With the same approach I took in this answer, we have:

$$\begin{eqnarray*}\arctan\left(\frac{\sin x}{\sqrt{3}+\cos x}\right) &=& \text{Im}\log\left(\sqrt{3}+e^{ix}\right)\\&=&\text{Im}\sum_{n\geq 1}\frac{(-1)^{n+1}}{n\sqrt{3}^n}\,e^{inx}\\&=&\sum_{n\geq 1}\frac{(-1)^{n+1}}{n\sqrt{3}^n}\,\sin(nx)\tag{1}\end{eqnarray*} $$ and by computing $\int_{0}^{\pi/2}\sin(nx)\sin(mx)\,dx$ it follows that: $$\begin{eqnarray*}I&=&\int_{0}^{\pi/2}\arctan^2\left(\frac{\sin x}{\sqrt{3}+\cos x}\right)\,dx\\&=&\frac{\pi}{4}\,\text{Li}_2\left(\frac{1}{3}\right)+\sum_{m\neq n}\frac{(-1)^{n+m}}{nm\sqrt{3}^{n+m}}\int_{0}^{\pi/2}\sin(nx)\sin(mx)\,dx\tag{2}\end{eqnarray*}$$ but the last integral is zero if $n$ and $m$ have the same parity.

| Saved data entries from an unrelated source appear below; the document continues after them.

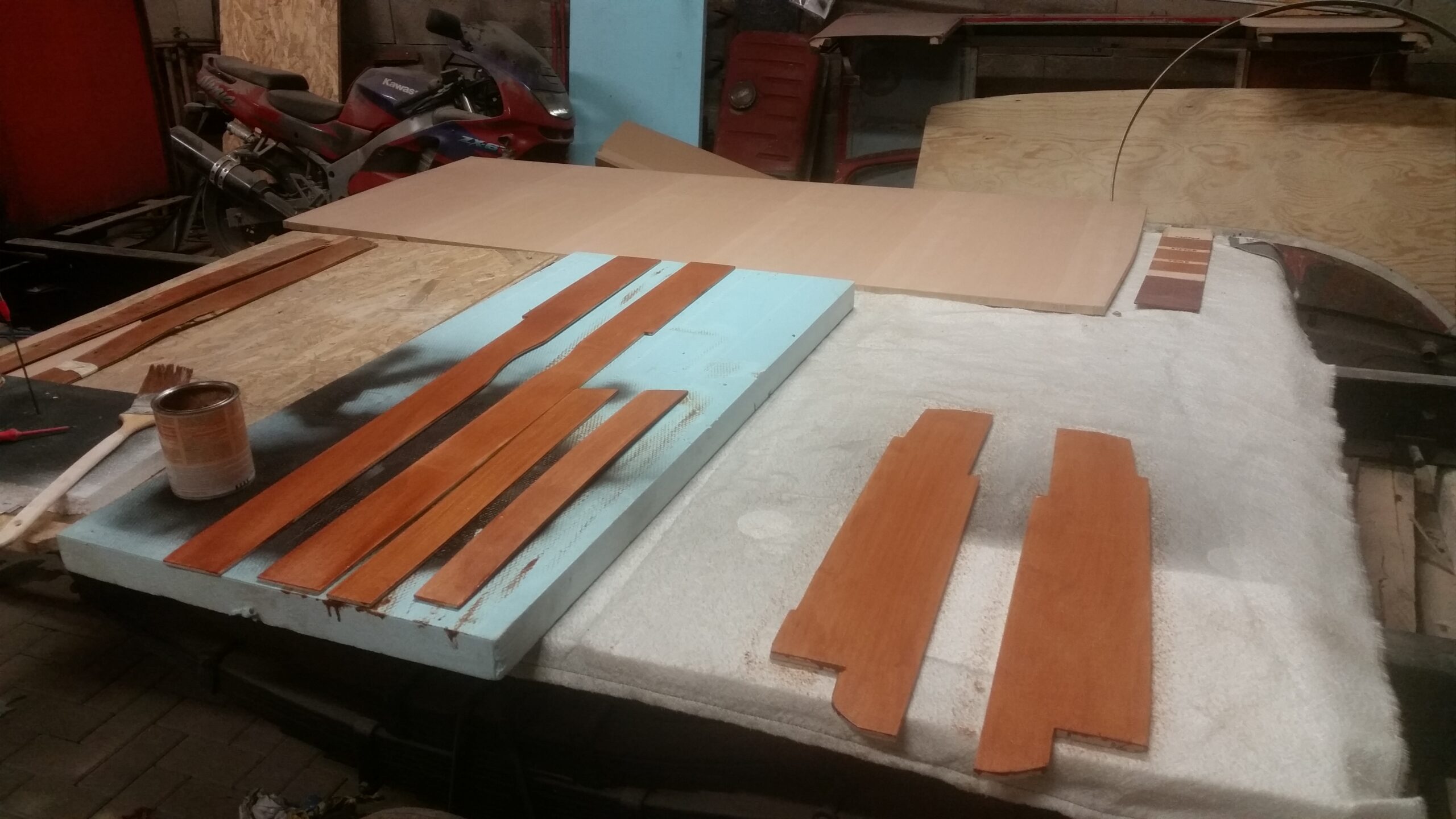 Beim heutigem Arbeitsdienst an unserem TLF 15 wurden die neu Angefertigten Holzverkleidungen und Panele mit Lasur farblich angeglichen und gegen Feuchtigkeit geschützt.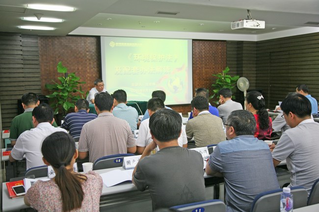 培訓(xùn)中,沈世偉從當(dāng)前的環(huán)境熱點(diǎn)事件入題,介紹了新環(huán)保法出臺(tái)的背景,詳細(xì)解讀了新環(huán)保法的四大亮點(diǎn)和關(guān)鍵條款,重點(diǎn)闡釋了新《環(huán)保法》與1989年頒布實(shí)施的《環(huán)保法》在創(chuàng)新環(huán)境理念、創(chuàng)新多元共治、強(qiáng)化政府責(zé)任、明確企業(yè)義務(wù)、增加環(huán)保授權(quán)、加強(qiáng)信息公開、嚴(yán)懲違法企業(yè)等方面的變化。他結(jié)合案例全面透徹地詮釋了新環(huán)境保護(hù)法法規(guī)條款,讓大家對新《環(huán)保法》及配套辦法有了全面的認(rèn)識和了解,同時(shí)也增強(qiáng)了大家的環(huán)保觀念和意識。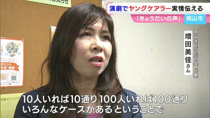 演劇は、当事者である「きょうだい」がそれぞれの体験を語る発表会という設定で演じられます。イベントの総合責任者の増田美佳さんは「ヤングケアラーのほとんどが、当事者であることに気づいていない」といいます。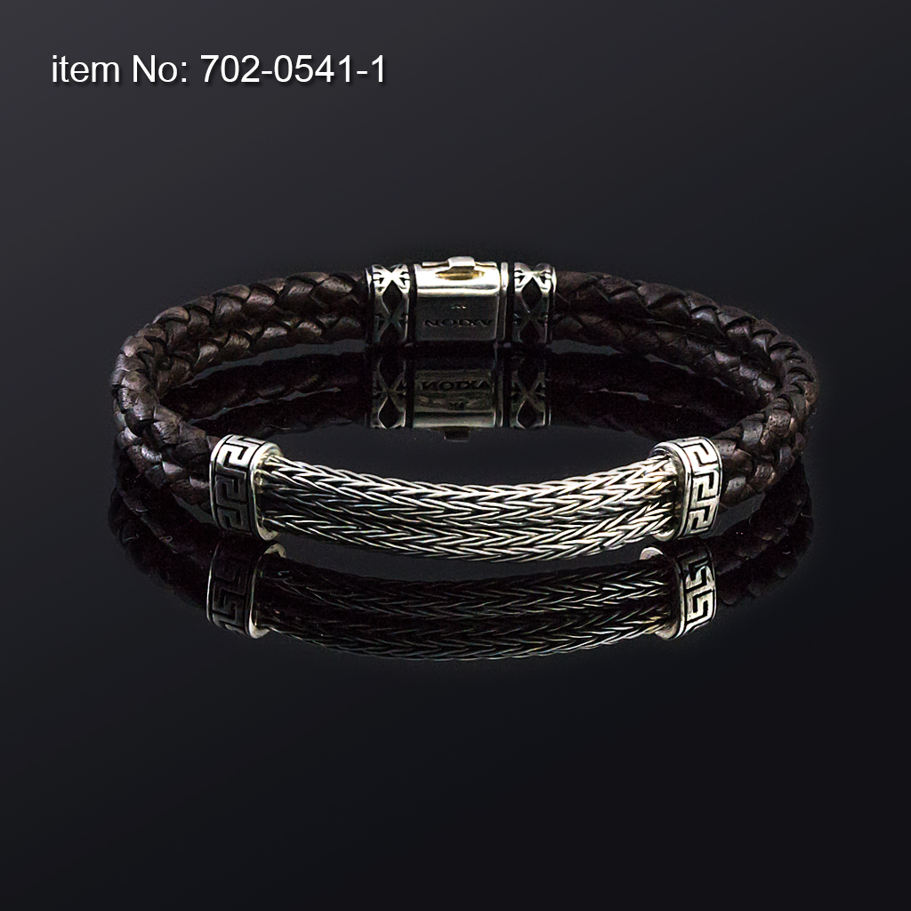 Ασημένιο βραχιόλι με μοτίφ μαιάνδρους, διπλή πλεχτή αλυσίδα και διπλό γνήσιο πλεχτό καφέ δέρμα

It follows that the last series in $(2)$ can be written as:

$$\begin{eqnarray*}-\sqrt{3}\sum_{a\geq 1}\sum_{b\geq 1}\frac{1}{(2b-1)3^{a+b}}\cdot\frac{(-1)^{a+b}}{(2a)^2-(2b-1)^2}\tag{3}\end{eqnarray*}$$ and by reindexing the last double series on $a+b=s$ we get:

$$\begin{eqnarray*}-\sqrt{3}\sum_{s\geq 2}\frac{(-1)^s}{3^s}\sum_{b=1}^{s-1}\frac{1}{2b-1}\cdot\frac{1}{(2s-2b)^2-(2b-1)^2}\tag{3}\end{eqnarray*}$$ than can be dealt through partial fraction decomposition and dilogarithm identities.